Kal-El: Krypton had its chance!
Kal-El: Krypton had its chance!
In
the universe of Man of Steel, Kal-El is a moral monster who, only for
arbitrary reasons, is identified as the good guy instead of say, Zod.
On Krypton, Jor-El was aghast that Zod would claim the right to judge
entire bloodlines. On Earth, Kal-El decides that Krypton had its
chance, the entire species can suck it. On Krypton, Jor-El bests Zod,
disarms him, and decides not to kill him. On Earth, Kal-El kills Zod.
It
seems all wrong that in a film about Superman, it’s Superman’s
dad who embodies hope, forgiveness, and wisdom – and Superman who
fails to live up to it. The script shoehorns Superman into making a
series of morally horrific acts on the basis of “necessary evil”.

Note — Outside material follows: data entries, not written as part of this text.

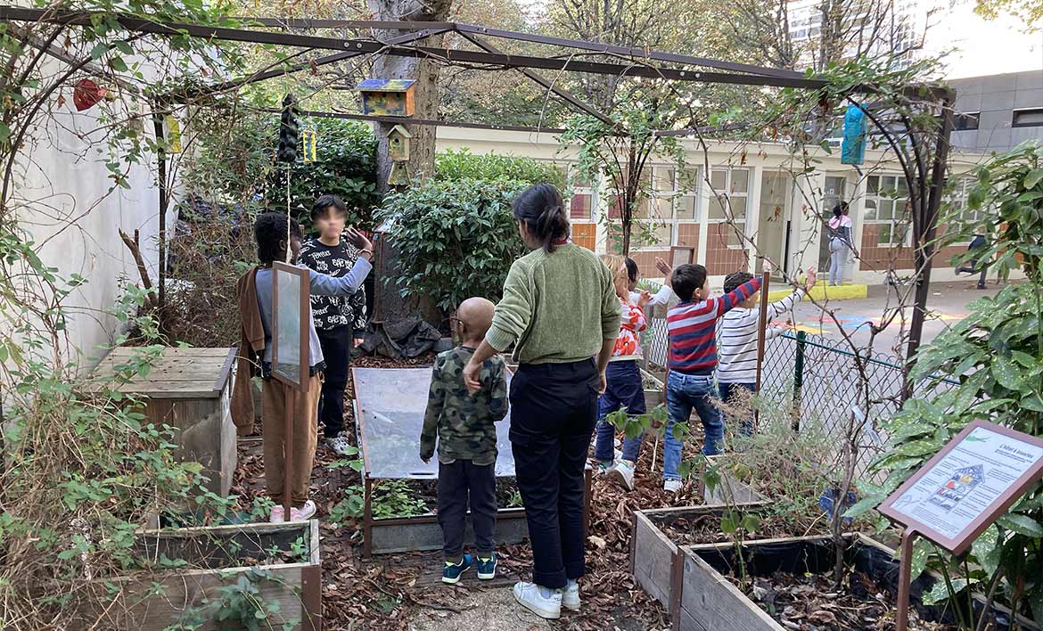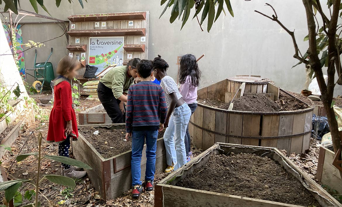 Les bacs ont été garnis par strates, en utilisant des feuilles mortes en partie inférieure mélangées à de la terre végétale. Les feuilles de platane, collectées dans la cour de l’école à l’automne 2021, ont bien amorcé leur décomposition et constituent un engrais naturel qui va nous aider à maintenir un substrat léger et aéré dans les bacs. Ce travail a été réalisé avec l’aide des enfants de l’élémentaire de Bercy.
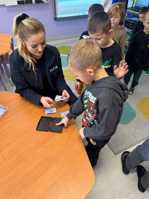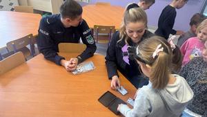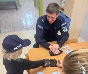 Podczas spotkania dzieci miały także okazję do wcielenia się w rolę prawdziwego policjanta- wykonały pamiątkowe odciski palców co sprawiło im bardzo dużo radości. Był to także moment, w którym funkcjonariusze opowiedzieli o swojej codziennej pracy, wyjaśnili jak wygląda ich służba i jakie zadania wykonują na co dzień.
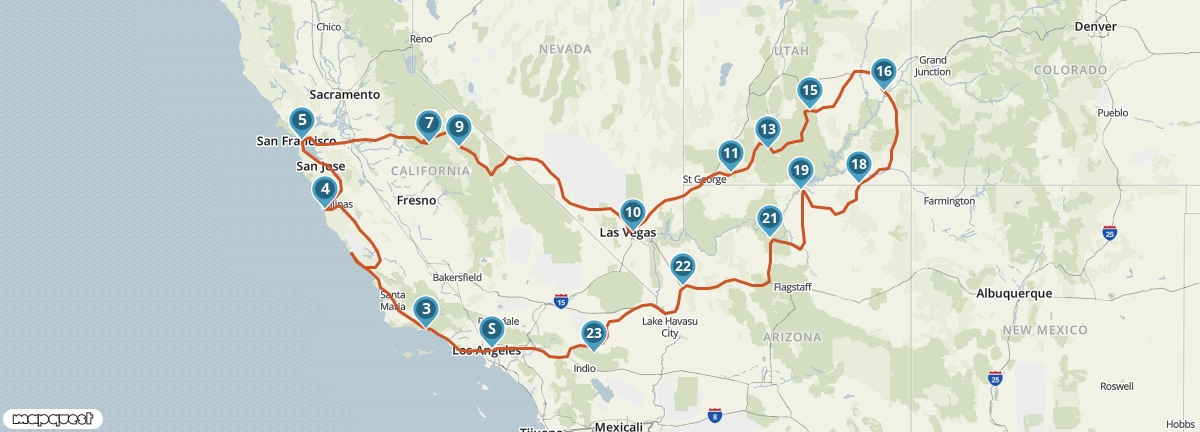Vanuit Los Angeles maak je een rondreis langs de mooiste plaatsen van het zuidwesten van de Verenigde Staten. Je ziet de watervallen van Yosemite National Park, de meest iconische natuurparken van Arizona en Utah en de steden aan de Pacific Coast. Je verblijft op een aantal plaatsen twee nachten, dus je hebt voldoende tijd om alles goed te bekijken en te beleven.
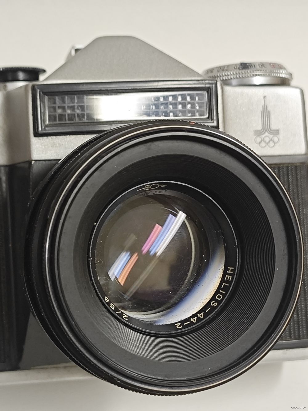 Фотоаппарат "Зенит-Е" с олимпийской символикой.Красногорский механический завод (КМЗ), СССР, 1979-1980 гг. Состояние на фото.
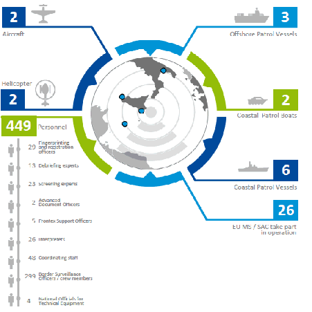 158 () Source : Communication conjointe de la Commission européenne et de la Haute représentante de l’Union européenne pour les affaires étrangères et la politique de sécurité au Parlement européen, au Conseil européen et au Conseil, intitulée « Migration sur la route de la Méditerranée centrale », 25 janvier 2017.
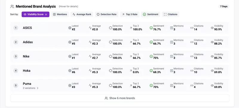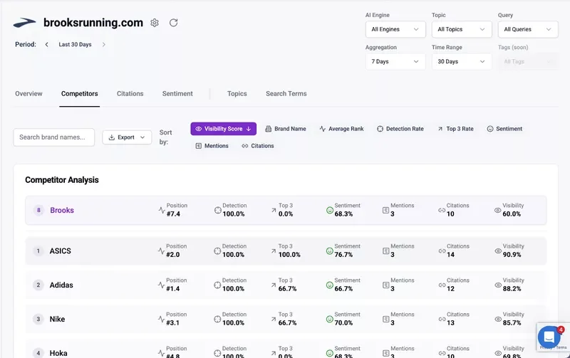 - Top 3 Visibility percentage: How often you show up in the top 3 AI answer spots
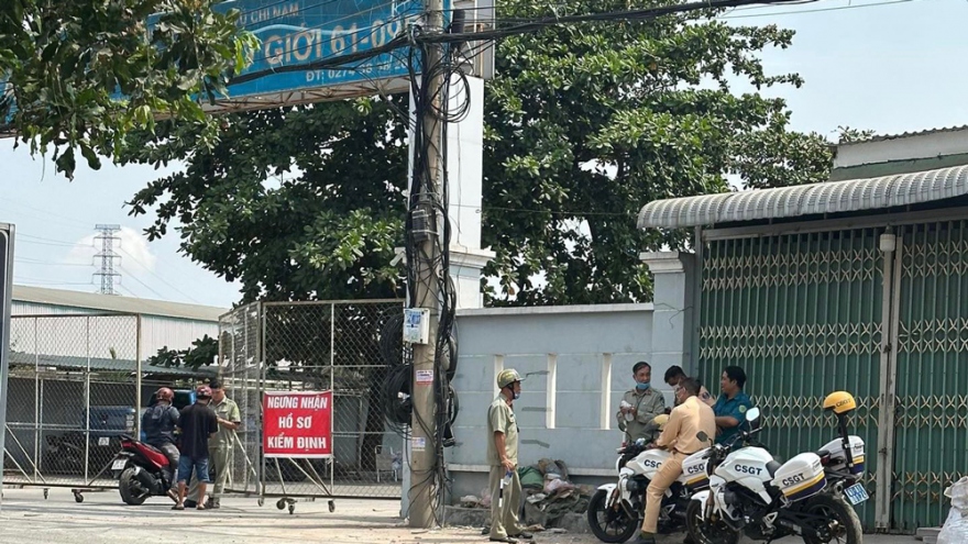 VOV.VN - Trưa 1/4, Công an quận Bình Tân phối hợp với một số đơn vị nghiệp vụ Công an TP.HCM kiểm tra Trung tâm đăng kiểm xe cơ giới 50-01S tại phường Tân Tạo A.
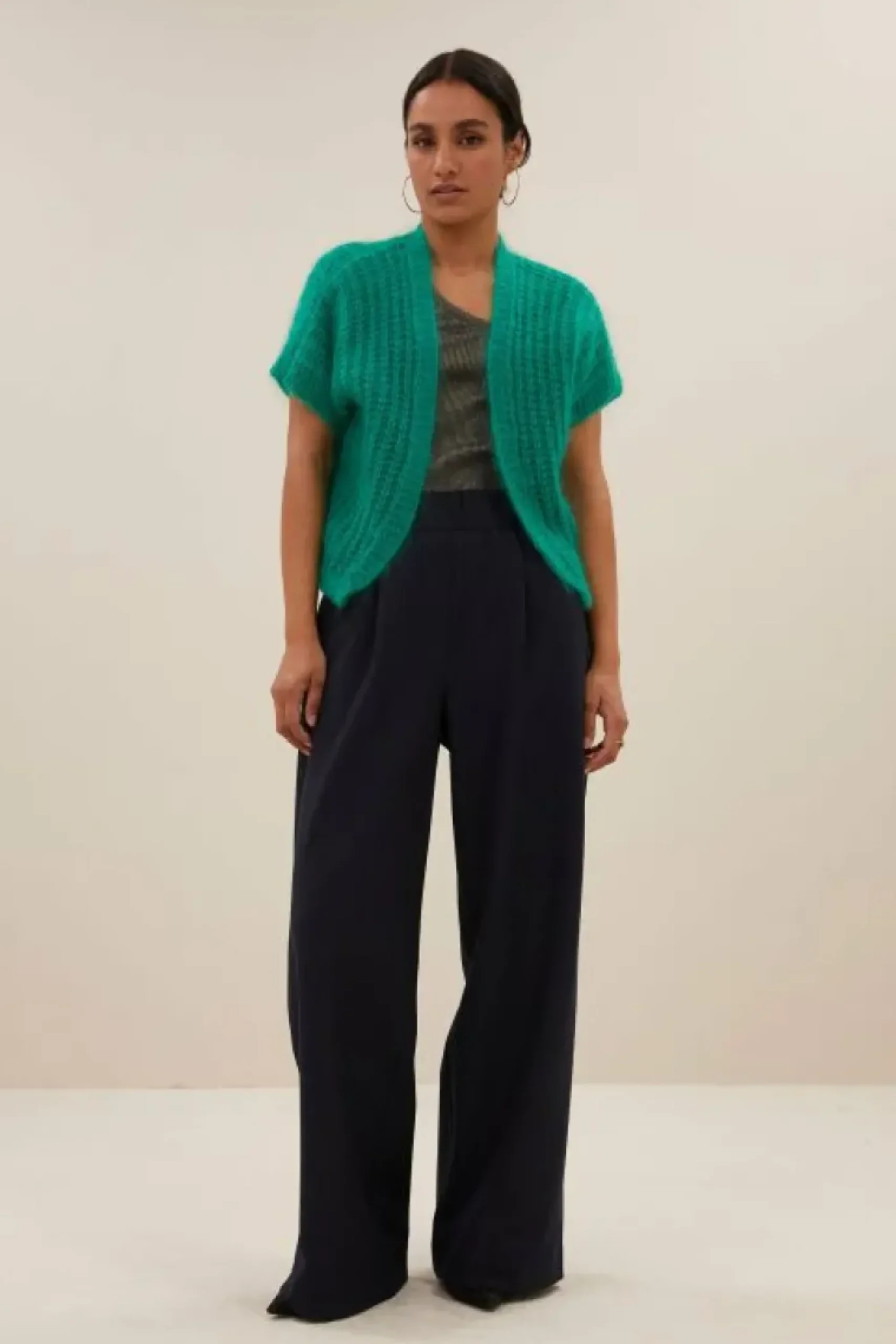 Dit is een combinatie van klassiek en feminine, met een moderne twist. Het breipatroon in combinatie met een korte mouw zorgt ervoor dat je een sophisticated look kunt creëren. Voel je comfortabel met onze all-time favorite anna cardigan, onmisbaar in elke gaderobe.
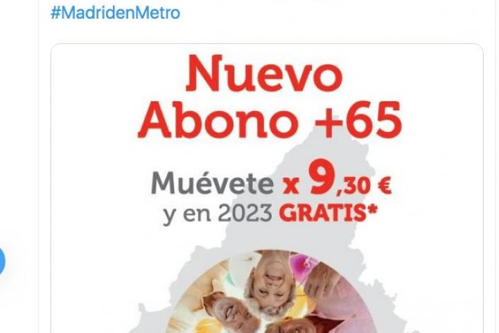 La cuenta oficial del Metro de Madrid en Twitter ha compartido este viernes una promoción sobre el nuevo abono para personas mayores de 65 años que se implantará en la Comunidad de Madrid a partir del 1 de enero de 2020.

That goes right in the face of Jor-El’s hope that having a
naturally-conceived child will allow the child to “make choices
that no other Kryptonian can”, and should sit very uncomfortably
with anyone who paid attention to Zod’s line about how he was bred
to perform all necessary evils.
Superman,
like Spiderman, is an easy enough superhero to write. That the troika
goofed this up, this badly, is indicative of the weaknesses that
still plague their approach to film.